Oracle, SQL Server, PostgreSQL, MySQL, MariaDB などの主流なDBMSを、横断的に使用すると、スキーマやユーザーとロールの扱い方で、混乱しやすい。
SQLなどRDBの基本的な使い方は、だいたい共通しているのに、スキーマやユーザー・ロールの扱い方は、かなり違う。
DBMSのヘビーユーザーが、別のDBMSを使うときに最初に障害になるのが、この部分だ。
スキーマやユーザー・ロールの扱い方が、分からなくて仕事が進まない、生産性が上がらない、という影響は地味に大きいと思う。
しかし、DBMSを横断したとき、主な障害になるのはスキーマやユーザー・ロールの部分だけで、他の障害は細かいSQLの仕様の違いぐらいだ。
SQLの違いは、ネット検索で簡単に調べられることが多いので、それほど障害にはならない。
しかし、主流DBMSのデータベース・スキーマやユーザー・ロールの違いをまとめて、解説しているサイトは意外に少なく、断片的な情報しか見つかりにくい。
そこで、この記事では、Oracle, SQL Server, PostgreSQL, MySQL, SQLiteの、インスタンスとデータベースとスキーマとユーザーとロールの違いを簡潔に解説する。
MariaDBは、MySQLと同じと考えて欲しい。
Oracle ヘビーユーザーが、PostgreSQLを使う事になったとか、SQL ServerユーザーがMySQLを使うようになったというように、DBMSを横断したときに、最初に読んで欲しい。
早期にDBMSの違いを理解して、容易に新しいDBMSに慣れる事ができると思う。
まずはDBMSの基礎知識
まずは、簡単にインスタンスとデータベースとスキーマとユーザーとロールについて解説する。この概念は、どのDBMSでも大雑把には同じである。

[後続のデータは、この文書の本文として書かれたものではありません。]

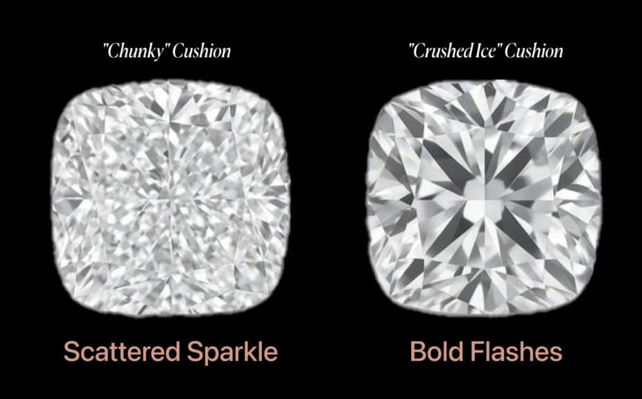 One will have broad, fiery flashes, and the other will have a thousand points of splintery, glittery light. Why? Because the cushion cut has two distinct “personalities.”

この解説記事は、「大雑把には同じ」部分が、「細部はどのように違うのか」を説明する形式を取る。
インスタンス
インスタンスは、正確にはデータベース・インスタンスと呼ぶ。
DBMSのプログラムがメモリに読み込まれ、稼働しているプロセス・インスタンスでもある。
インスタンスを形成しているプログラムが、具体的なデータベースの管理を行うので、全てのデータ資源は、インスタンスの中にある。

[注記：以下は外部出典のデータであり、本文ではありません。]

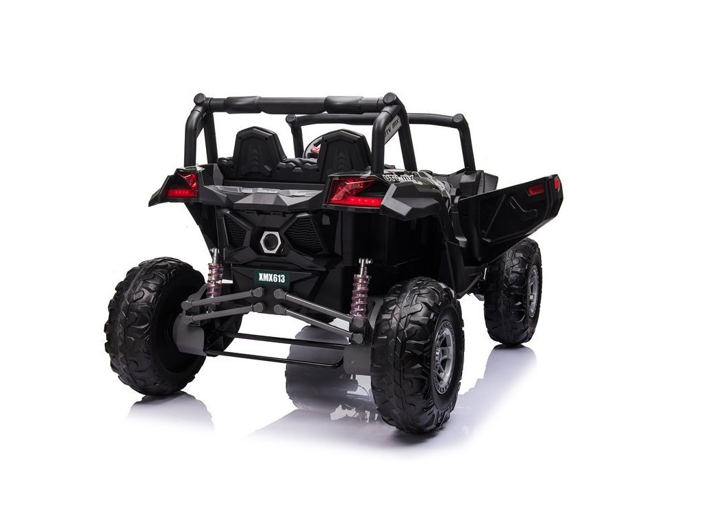 Vůz XMX613 byl navržen s důrazem na nejmenší detail, což má pozitivní dopad na mladého jezdce rally. Odolná a masivní konstrukce v kombinaci s kvalitními materiály jsou zodpovědné za skvělou zábavu po mnoho let a odolnost proti poškození. Atraktivitu modelu zvyšují otevírací dveře a tlumiče, na kterých je namontován, díky nimž bude jízda po nerovném a hrbolatém terénu mnohem příjemnější a dobrodružnější.

インスタンスは一番外側の、一番大きな「入れ物」と考えても良い。
通常はDBMSをインストールしたときインスタンス(入れ物)も作成される。
データベース
インスタンスの中に入る二番目に大きな「入れ物」である。
基礎概念としては、この中に、スキーマやテーブルなど、他の全ての枠組みやデータ資源が入る。

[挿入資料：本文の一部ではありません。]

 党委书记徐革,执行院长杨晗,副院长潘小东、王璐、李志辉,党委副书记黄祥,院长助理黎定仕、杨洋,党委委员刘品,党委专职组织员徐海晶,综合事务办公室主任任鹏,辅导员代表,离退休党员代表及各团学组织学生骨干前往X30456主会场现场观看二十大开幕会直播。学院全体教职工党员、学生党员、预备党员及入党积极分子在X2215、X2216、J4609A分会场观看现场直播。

通常はインスタンスを作ったとき初期データベースも作られる。
新規でデータベースを作るときは、標準ツールを使うことが多い。
SQLで作るときは、Create Database [データベース名] で作成する。
スキーマ
基礎概念としては、データベースの中に入る三番目に大きな「入れ物」である。
基礎概念としては、この中に、テーブルなどのオブジェクトが入る。
DBMSによって仕様が大きく違う。
SQLで作るときは、Create Schema [スキーマ名] で作成する。
テーブルなどオブジェクト
テーブルとは「表形式のデータ」である。
DBMSが扱うデータ資源は、テーブル以外にもインデックスやビューやプロシージャや関数などがある。
テーブルを含めて、これらは全てオブジェクトと呼ぶ。
具体的にDBMSが管理する対象の事である。
オブジェクトはスキーマの中に格納されて管理される。
Create Table [テーブル名], Create Index [インデックス名], Create View [ビュー名], Create Procedure [プロシージャ名] というようにオブジェクト事に用意された Create 文で作成する。
インスタンスとデータベースとスキーマの基本的関係
インスタンスとデータベースとスキーマとテーブル等オブジェクトは、基礎概念として以下の図のような関係にある。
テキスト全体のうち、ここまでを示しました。